> [THE PROBLEM]
The data must be given again exactly as written, with all images omitted.

> [MATERIAL PROVIDED]

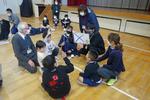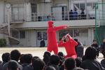 1年生は学年レクを行いました。校庭を使って宝探しゲームをしていました。集計時間にウルトラマンとウルトラマンタロウがやってきて、みんなでアルゴリズム体操をしました。寒空の下ですが、心は温まる楽しい時間でした。
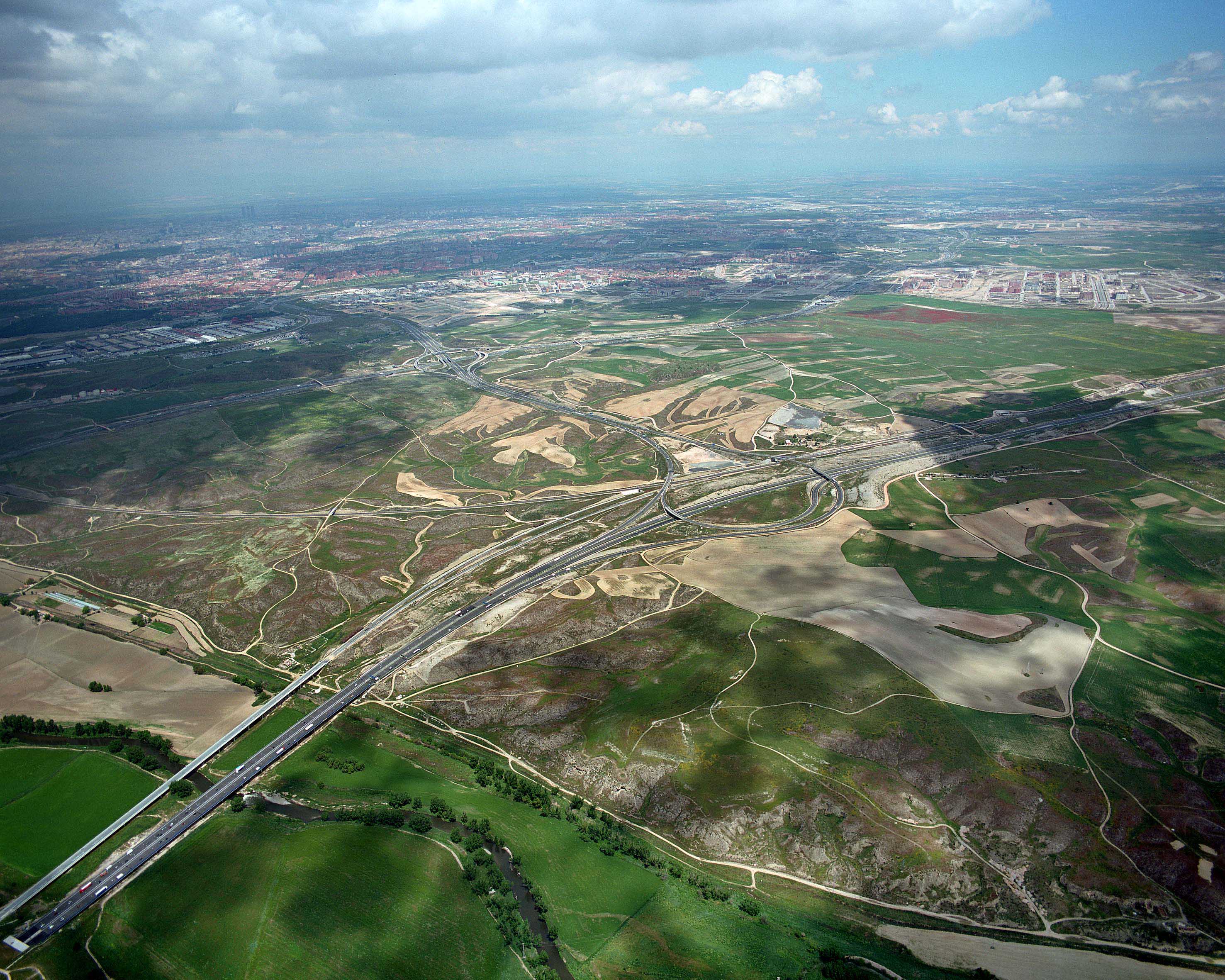 Vista aérea del lugar en donde se asentará el futuro barrio de Valdecarros, en el distrito de Villa de Vallecas.
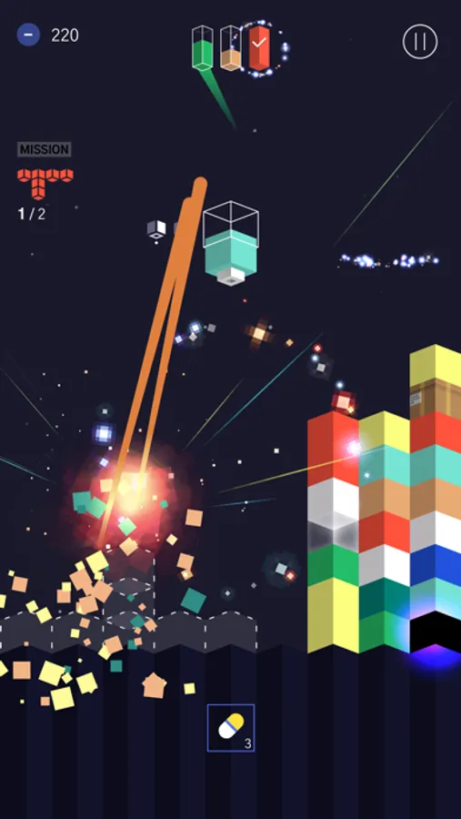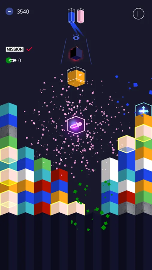 Colornoid is a game where players complete levels by moving colored cubes falling from the top of the screen to make a match of three or more of the same color.

> [RESULT OF THIS EXERCISE]
 1年生は学年レクを行いました。校庭を使って宝探しゲームをしていました。集計時間にウルトラマンとウルトラマンタロウがやってきて、みんなでアルゴリズム体操をしました。寒空の下ですが、心は温まる楽しい時間でした。
 Vista aérea del lugar en donde se asentará el futuro barrio de Valdecarros, en el distrito de Villa de Vallecas.
 Colornoid is a game where players complete levels by moving colored cubes falling from the top of the screen to make a match of three or more of the same color.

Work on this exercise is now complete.